== What this task involves ==
The answer must consist solely of the lines from the line with "Description (0.8cm Wide)" to the final line of the data below, reproduced exactly, pictures omitted.

== Data segment ==

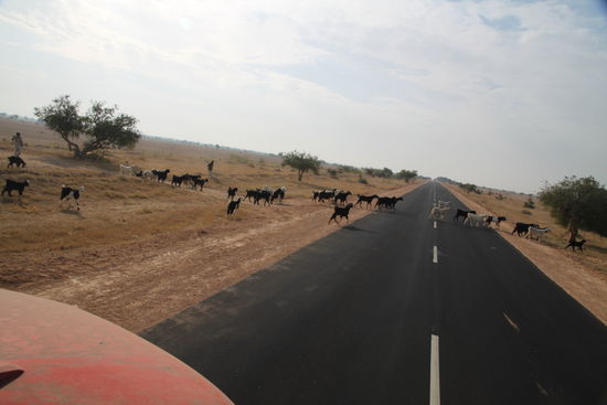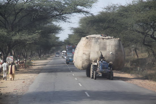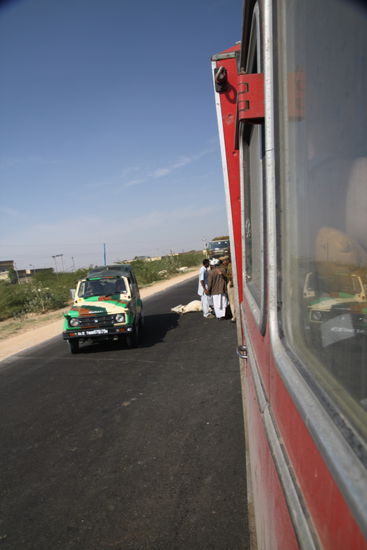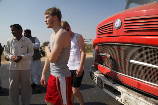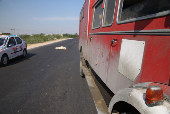 Etwas südlich von Jaisalmeer fahre ich gerade aus einer Ortschaft raus und ein Stück vor uns trottet eine Kuh über die Straße, nichts Ungewöhnliches. Als wir kurz vor der Kuh sind macht sie aus dem Nichts einen Satz und rennt auf die andere Straßenseite zurück- uns genau vor die Räder. Ich weiß nicht wie, aber ich schaffe es gleichzeitig zu bremsen und beide Drucklufthupen zu drücken- doch das konnte das Heiligtum nicht retten. Ein dumpfer Schlag und ein leichter Ruck. Lustigerweise stelle ich so schon erleichtert fest, dass nichts Wichtiges kaputt sein kann. Nicht so lustig ist was ich von draußen sehe. Hinter (?!) dem rechten Vorderrad liegt eine Kuh unterm LKW. Martins Gesicht aus der Beifahrertür war auch bemerkenswert und irgendwie nicht fröhlich. Zuerst müssen wir von dem blöden Sch***Vieh runter.
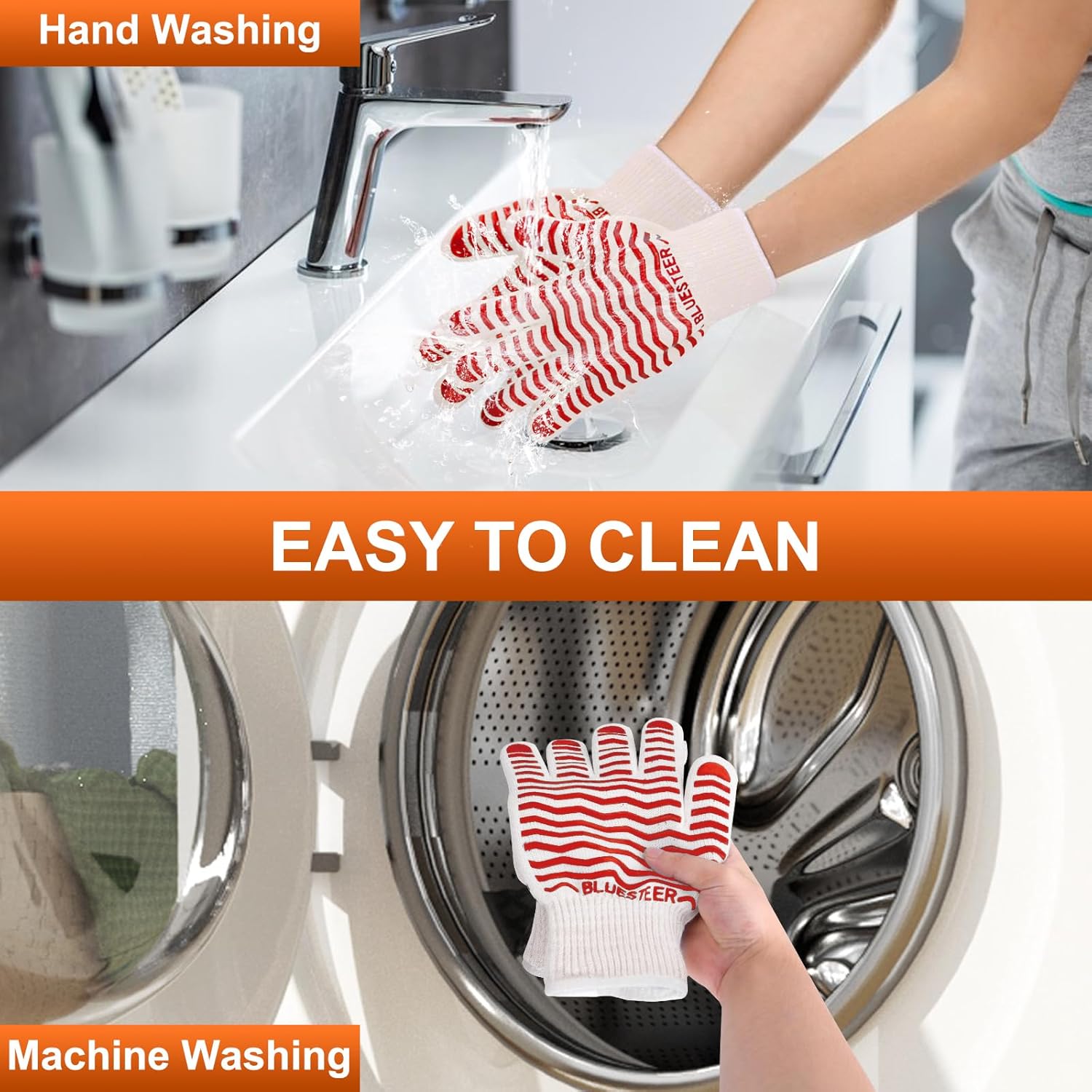 - EASY TO CLEANING AND STORAGE: The kitchen cooking gloves can be hand or machine washed. The strip design allows you to easily hang them on the hooks, which are easy to dry and help you store them. Whether you use it indoors or outdoors, it is the perfect helper to make cooking easier
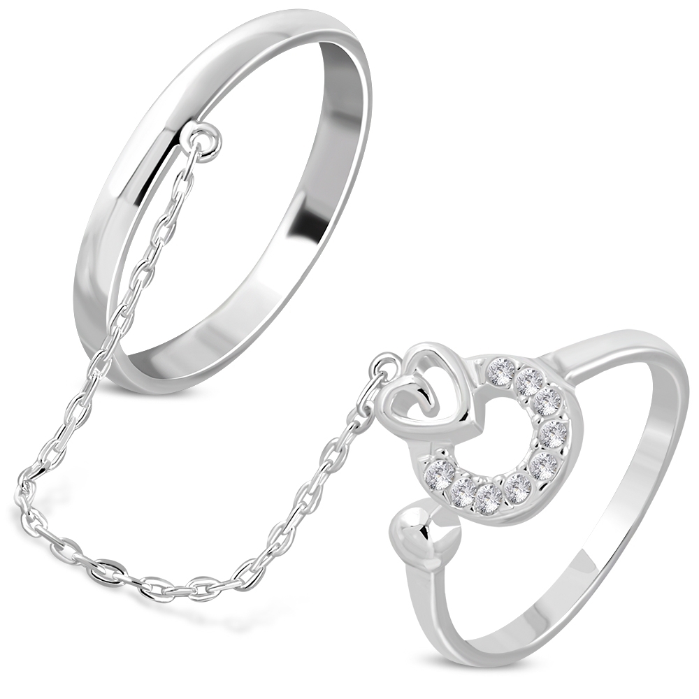 Description (0.8cm Wide) Brass w/ Silver Plating Micro Pave Heart Circle Two Finger Chain Linking Dangle Double Rings w/ Clear CZ - YDR048
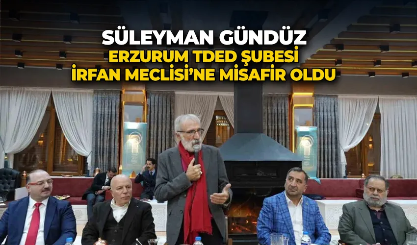 Merhum Cumhurbaşkanı Turgut Özal’ın Danışmanı, Bosna Savaşı ve sonrasında Bilge Lider Aliya İzzetbegoviç’in 11 yıl boyunca yol arkadaşı, Cumhurbaşkanı Recep Tayyip Erdoğan’ın yakın arkadaşı, 22. Dönem AK Parti Milletvekili olan Süleyman Gündüz, TDED Erzurum Şubesi İrfan Meclisi’de "Bosna’dan Gazze’ye İnsanlığın Yeni Bir Dil Arayışı" başlıklı konuşma yaptı. Programa Erzurum Büyükşehir Belediye Başkanı Mehmet Sekmen ile Atatürk Üniversitesi Rektörü Prof.Dr. Ahmet Hacımüftüoğlu da iştirak etti.

== Solved exercise ==
 Description (0.8cm Wide) Brass w/ Silver Plating Micro Pave Heart Circle Two Finger Chain Linking Dangle Double Rings w/ Clear CZ - YDR048
 Merhum Cumhurbaşkanı Turgut Özal’ın Danışmanı, Bosna Savaşı ve sonrasında Bilge Lider Aliya İzzetbegoviç’in 11 yıl boyunca yol arkadaşı, Cumhurbaşkanı Recep Tayyip Erdoğan’ın yakın arkadaşı, 22. Dönem AK Parti Milletvekili olan Süleyman Gündüz, TDED Erzurum Şubesi İrfan Meclisi’de "Bosna’dan Gazze’ye İnsanlığın Yeni Bir Dil Arayışı" başlıklı konuşma yaptı. Programa Erzurum Büyükşehir Belediye Başkanı Mehmet Sekmen ile Atatürk Üniversitesi Rektörü Prof.Dr. Ahmet Hacımüftüoğlu da iştirak etti.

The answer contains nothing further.